FIG. 2 is an end view of a conveyor shown in FIG. 1 having logs stacked in the conveyor.

FIG. 3 is perspective view of the conveyor shown in FIG. 1.

FIG. 4 is a top down view of a conveyor with a different conveying mechanism that is shown in FIG. 2.

FIG. 5 is an enlarged view a shuffling device for the conveyors shown in FIGS. 2 and 4.

FIG. 1 is a schematic diagram of logs 10 entering a debarker 12, e.g., an Andritz Rotabarker™, which removes bark from the logs. From the debarker, the logs enter a conveyor 2 that transports the logs to a strander 16. The conveyor 2 may include an infeed conveyor 4, a shuffling conveyor 14 and discharge conveyor 6. The discharge conveyor receives logs from the debarker and outputs logs to the shuffling conveyor. The infeed conveyor receives logs from the shuffling conveyor and outputs logs to the strander.
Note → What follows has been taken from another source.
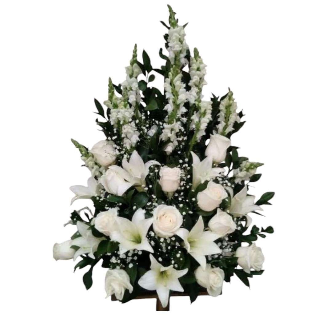Arreglo de rosas, lirios y bocas de dragón en color blanco en base de madera

The bark of the logs 10 is removed in the debarker 12. From the debarker, the logs enter the conveyor 14 as a generally continuous stream of logs. A difficulty with debarkers is that they tend to output logs in a disorderly manner such that the logs are askew as they enter the conveyor. The logs may be dropped into the entrance of the conveyor or enter the conveyor at about the same elevation as the conveyor. The logs entering the conveyor are not uniformly arranged, and are of irregular sizes and shapes. The logs tend to move through the conveyor in bunches with logs on top of other logs.
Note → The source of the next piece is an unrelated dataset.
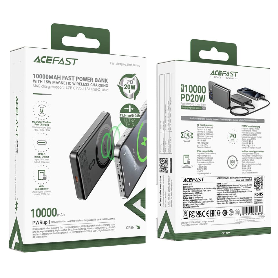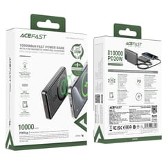 Kod produktu: 1027491Acefast M12 to ultra-cienki powerbank, który łączy nowoczesną funkcjonalność z wyjątkowym stylem. Dzięki pojemności 10 000 mAh i zgodności z MagSafe, ładowanie Twoich urządzeń staje się niezwykle wygodne i szybkie. Wyposażony w funkcję bezprzewodowego ładowania magnetycznego oraz port USB-C, oferuje uniwersalność i wydajność, które sprawdzą się w każdej sytuacji. Moc 20W PD pozwala na szybkie doładowanie baterii zarówno przewodowo, jak i bezprzewodowo. Z Acefast M12 możesz śledzić poziom naładowania dzięki intuicyjnemu wskaźnikowi LED, a wysokiej jakości bateria Li-Ion zapewnia niezawodność. Kompaktowa konstrukcja i zaawansowane zabezpieczenia sprawiają, że to idealny wybór do codziennego użytku oraz podróży.Ładowanie bezprzewodowe z MagSafeAcefast M12 umożliwia bezprzewodowe ładowanie za pomocą technologii MagSafe. Silne magnesy zapewniają stabilne połączenie, co pozwala na wygodne ładowanie bez użycia kabli.Szybkie ładowanie PD20W dla efektywnościDzięki mocy 20W Power Delivery, Acefast M12 zapewnia szybkie ładowanie zarówno przewodowo, jak i bezprzewodowo. To idealne rozwiązanie dla nowoczesnych urządzeń mobilnych.Kompaktowy i stylowy designUltra-cienka konstrukcja Acefast M12 sprawia, że jest on niezwykle poręczny i łatwy do przenoszenia. Doskonale sprawdzi się w każdej podróży lub w codziennym użytkowaniu.Wysokiej jakości bateria Li-IonPowerbank wyposażony jest w trwałą i niezawodną baterię litowo-jonową, która gwarantuje długą żywotność oraz stabilną wydajność ładowania.Bezpieczeństwo przede wszystkimAcefast M12 został wyposażony w zaawansowane zabezpieczenia, które chronią urządzenia przed przeładowaniem, przegrzaniem i przepięciami. To gwarancja spokoju podczas każdego ładowania.Najważniejsze cechy:

As shown in FIGS. 2 to 5, the shuffling conveyor 14 may have a relatively straight chute 18 for the logs. The chute includes a conveyor mechanism, such as conventional chain conveyor or roller conveyor, arranged on a floor 20 of the chute. The conveyor mechanism may extend the entire length of the chute or along a portion(s) of the chute. The conveyor mechanism may include electric motors 22 to drive the conveyor along the chute path.
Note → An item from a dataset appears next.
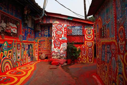 起源于住在臺中市南屯區嶺東科技大學附近有一處舊眷村的八十七歲老榮民黃永阜,因為「無聊」而拿起畫筆彩將眷村內的巷弄街道當成了天然的畫布,在上頭彩繪了各式美麗的彩虹線條與可愛動物,不僅染亮了小村,在網路上引起熱烈討論,更形成一股參訪風潮。黃永阜先生86歲時開始作畫,他用自己手中的畫筆在眷村老舊的房屋和街道上勾勒出一個色彩斑斕的童話世界。老人最初只是在自家的屋里屋外用畫筆描繪心事,打發時光。后來不少鄰居被他充滿童真的畫所吸引,也邀請他去作畫,就這樣老人在無意中創造了一段色彩繽紛的傳奇。如今,他所居住的位于臺中市春安里的眷村被人們賦予了一個好聽的名字:“彩虹眷村”,并成為了當地的熱門景點,每年吸引約50萬人前來參觀,而香港籍退伍老兵黃永阜則被人們親切地稱為“彩虹爺爺”。走進“彩虹眷村”,地面上、墻壁上畫滿了色彩艷麗、造型俏皮的兔子、小雞、猴子、小鳥、卡通人物、花朵、太陽以及彩虹等。紅色、黃色、藍色、綠色、白色,絢爛的色彩和極富想象力的線條,讓人們馬上置身于童話世界中。村口那條數十米長的巷道是“彩虹爺爺”作畫最多的地方,也是最熱鬧的地方。這里的畫色調明艷、熱烈,地上用油漆涂成了紅底,上面用白色和黃色等勾勒出小鳥、小雞和兔子等造型;墻上則分區塊時而以藍色為背景、時而以白色或黃色為背景,上面畫了數百卡通造型的猴子、貓和孩童。

The conveyor operates on a start-stop cycle that may be about a 20-second cycle. During a brief initial portion of the cycle, e.g., 2 to 3 seconds, the conveyor mechanism in the chute moves the logs through the conveyor such that new logs enter the chute and logs already in the conveyor are discharged from the conveyor. During the remaining portion of the cycle, e.g. 17-seconds, the logs are not moved laterally through the chute of the conveyor, but are “shuffled” and may be repeatedly shuffled within the conveyor chute 18.

Logs go through several shuffles as they move through the chute and out to the strander. The movement by the conveyor may be relatively short, such as a movement advancement of 30 inches (76 cm) which is the typical strander cut length for logs. Logs are typically about 30 feet (9 meters) in length in the chute. As each log advances in 30 inch increments through the shuffling conveyor (about 25 feet or 7.6 meters), each logs is subjected to a dozen or more shuffling cycles.

Shuffling is a process in which the logs in the chute are agitated and aligned with respect to the chute and other logs in the chute. For example, the logs are shuffled such that they are generally parallel to the lateral axis of the chute. The shuffling of the logs also causes the logs to settle in the chute and on top of other logs such that a generally orderly stack of logs is formed in the chute.

Shuffling involves the movement of logs within the chute to allow gravity and the agitation of the logs to align the logs into an orderly stack. Gravity and agitation causes the logs to move with respect to each other and the chute such that the logs settle to the bottom floor 20 of the chute and fill in empty spaces between the logs in the chute. By settling within the chute, the logs become parallel to the axis of the chute and with respect to other logs. Further, the height of the stack of logs in the chute is reduced as the logs are shuffled and settle in the chute. Shuffling shifts the logs in the chute such that logs become aligned with the chute and drop to a lower position in the chute.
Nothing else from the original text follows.